■ **Available records**:
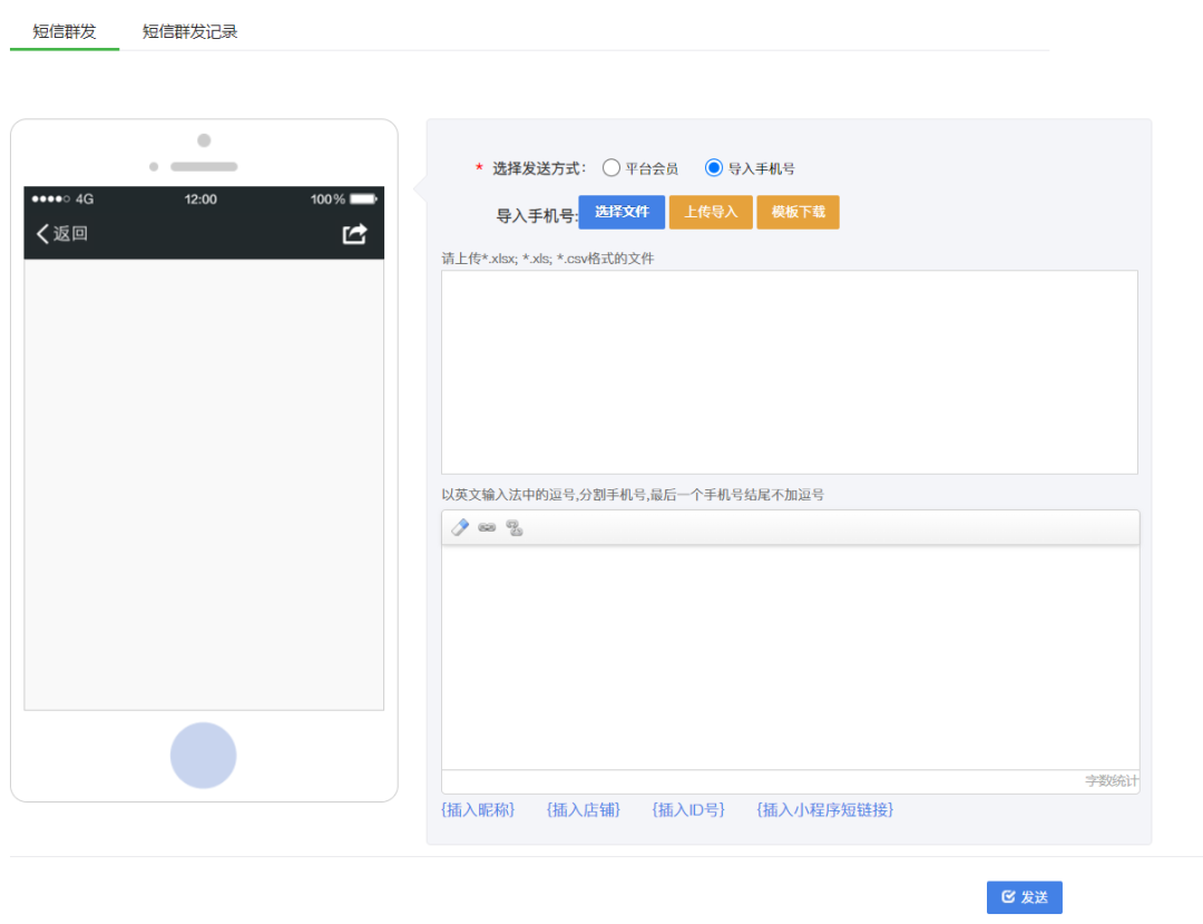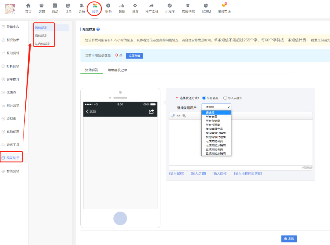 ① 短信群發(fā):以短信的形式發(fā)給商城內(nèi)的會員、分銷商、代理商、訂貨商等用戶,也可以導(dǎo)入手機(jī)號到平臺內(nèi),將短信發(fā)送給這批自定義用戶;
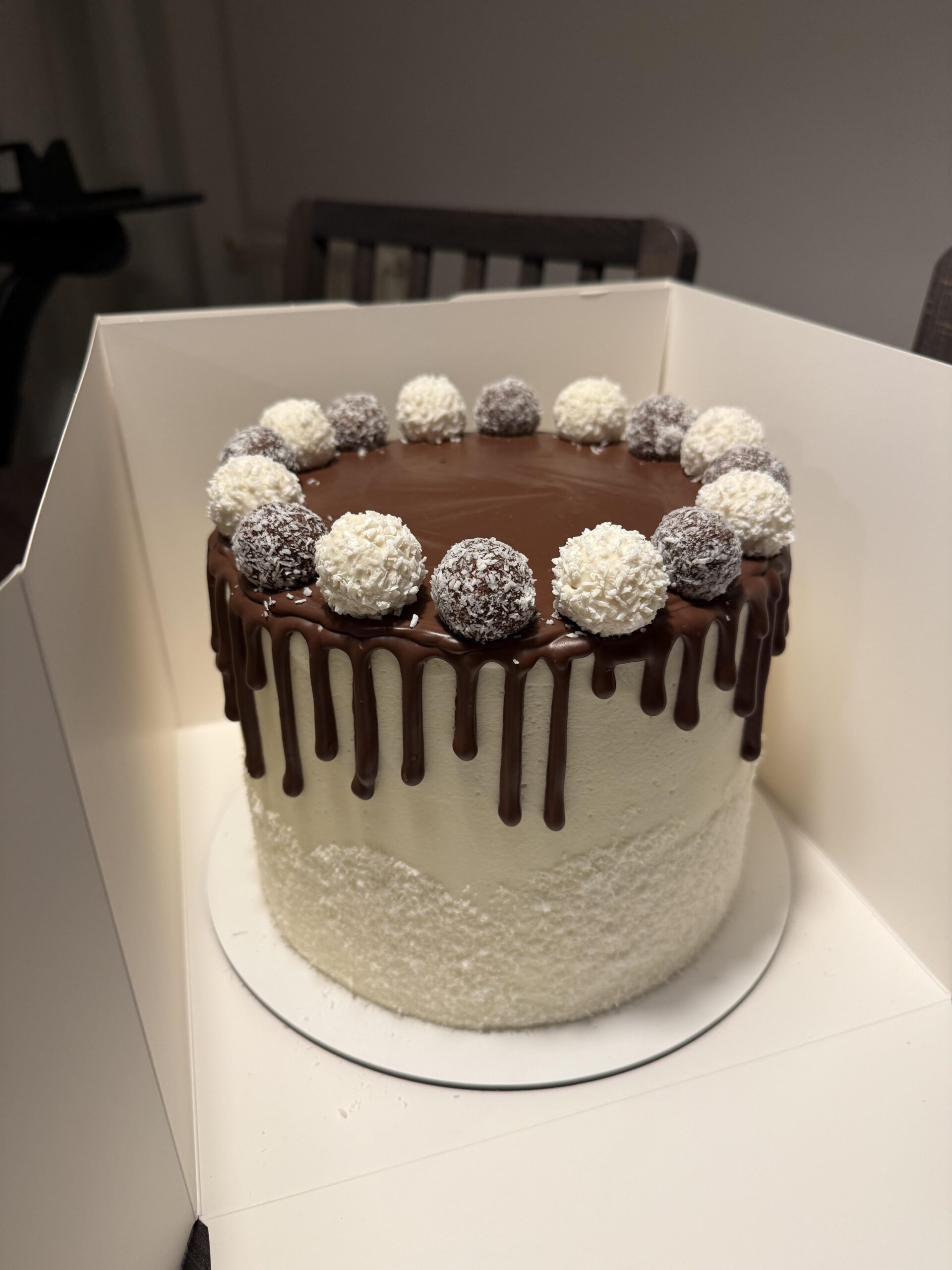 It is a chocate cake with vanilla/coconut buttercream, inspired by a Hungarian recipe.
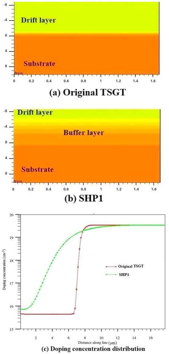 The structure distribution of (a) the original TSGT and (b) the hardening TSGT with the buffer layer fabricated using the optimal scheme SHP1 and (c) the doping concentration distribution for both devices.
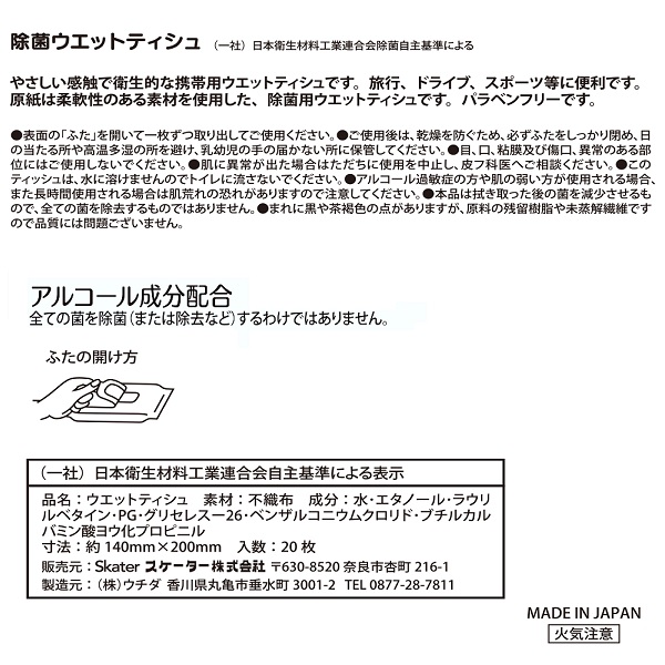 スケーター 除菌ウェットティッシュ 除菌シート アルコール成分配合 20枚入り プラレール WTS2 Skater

---

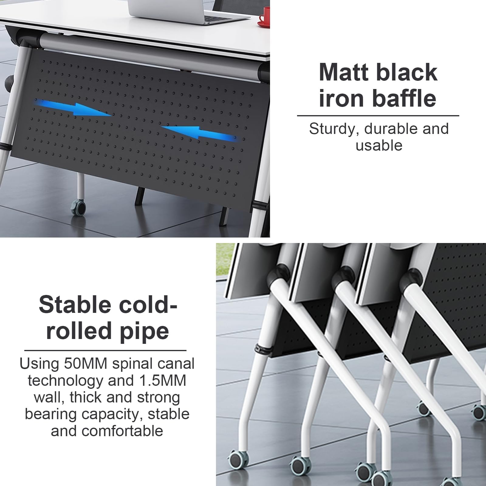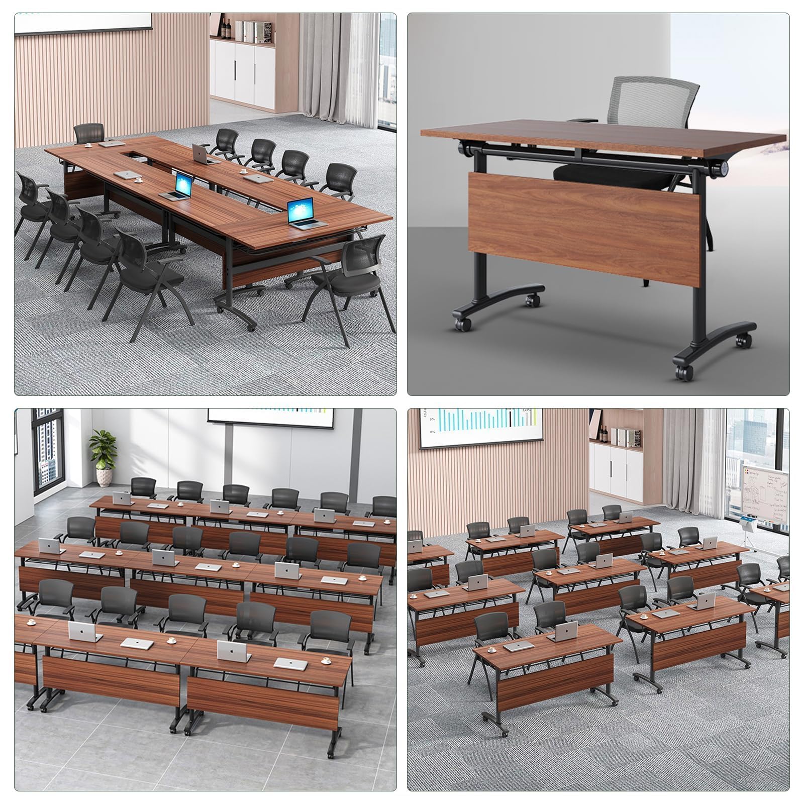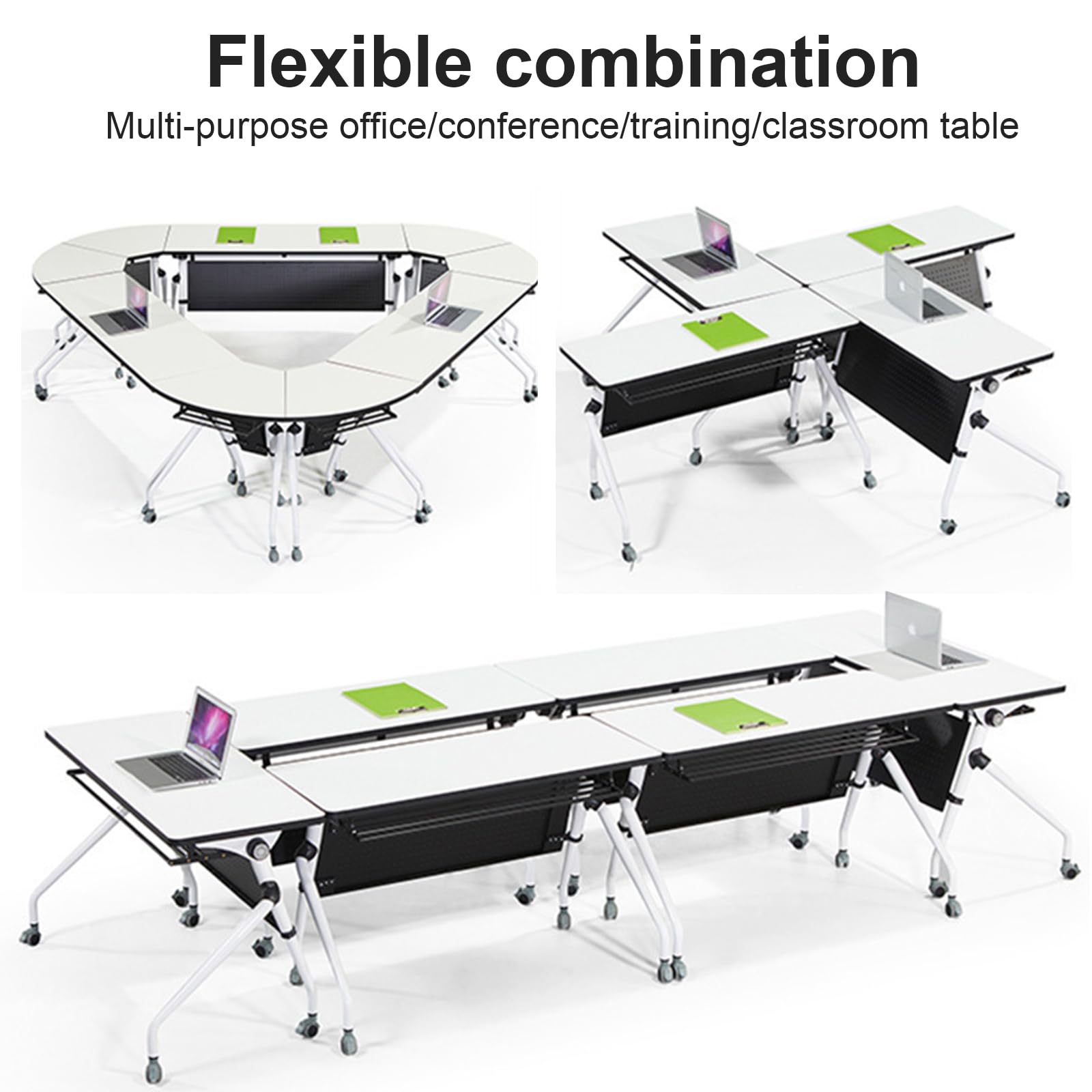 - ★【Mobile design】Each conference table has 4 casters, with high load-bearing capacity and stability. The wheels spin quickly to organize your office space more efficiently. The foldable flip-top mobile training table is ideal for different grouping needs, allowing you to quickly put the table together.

■ **What this task involves**:
Return only the part above that opens with the line containing "① 短信群發(fā):以短信" and closes with the line containing "スケーター 除菌ウェットティッシュ 除菌シート", exactly and with both ends, skipping the pictures.

■ **Answer section**:
 ① 短信群發(fā):以短信的形式發(fā)給商城內(nèi)的會員、分銷商、代理商、訂貨商等用戶,也可以導(dǎo)入手機(jī)號到平臺內(nèi),將短信發(fā)送給這批自定義用戶;
 It is a chocate cake with vanilla/coconut buttercream, inspired by a Hungarian recipe.
 The structure distribution of (a) the original TSGT and (b) the hardening TSGT with the buffer layer fabricated using the optimal scheme SHP1 and (c) the doping concentration distribution for both devices.
 スケーター 除菌ウェットティッシュ 除菌シート アルコール成分配合 20枚入り プラレール WTS2 Skater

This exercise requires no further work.